Não nos limitamos a comemorar o aniversário do nascimento
de Jesus. Celebramos um mistério sempre atual: o mistério de Deus que se fez
homem, carne humana, para ser e permanecer Deus connosco. Celebramos um ato de
Deus totalmente inesperado: Deus faz-se menino indefeso como quem estende os
seus ternos braços para abraçar a todos. Naquele menino torna-se tão próximo de
cada um de nós que podemos tratá-lo por tu e manter com ele uma relação de
profundo afeto. Naquele menino manifesta-se Deus Amor. Vem habitar a nossa
pobreza e fragilidade para partilhar o seu amor, a sua luz, esperança e paz.
Deus ama-nos como somos.
Eis porque temos necessidade de celebrar o “coração do
Natal”, de lhe dar mais lugar na nossa vida. “Deus vem no meio da pandemia,
pega na nossa mão, muda o nosso coração e envia-nos a mudar a situação”

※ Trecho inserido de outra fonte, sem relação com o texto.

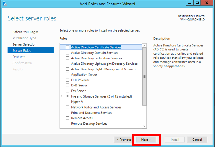 On the Select server roles screen, click Next.

(Mensagem da CEP). Quem tem fé nunca está só. E a fé não nos tira os momentos
difíceis mas dá-nos a força necessária para os enfrentar sabendo que não
estamos sós. Ele é a nossa força.
Não será este tempo propício para nos interrogarmos se abrimos o nosso coração a Deus que vem ao nosso encontro em Jesus? Conhecemos de verdade a Jesus e o seu Evangelho? Seguimo-lo de perto? Comungamos com Ele intimamente, na Eucaristia, as nossas alegrias e dores?
A
mística da fraternidade: cuidar do irmão
Um
dos aspetos mais belos do Natal é a fraternidade universal em Cristo.
Revela que todos somos filhos do mesmo Pai e todos irmãos. Por isso, o Natal
cristão deve ser celebração do amor fraterno. “Esta pandemia... amadureceu em nós a exigência duma nova
fraternidade, capaz de ajuda recíproca e estima mútua. Este é um tempo
favorável para «voltar a sentir que precisamos uns dos outros, que temos uma
responsabilidade para com os outros e o mundo (...)”. Nunca como agora faz
tanto sentido falar de fraternidade e amizade social porque todos nos damos
conta de que ninguém se salva sozinho. Se
a pandemia nos faz sentir irmãos na dor, não podemos deixar de sentir a
necessidade de nos tornar irmãos no amor.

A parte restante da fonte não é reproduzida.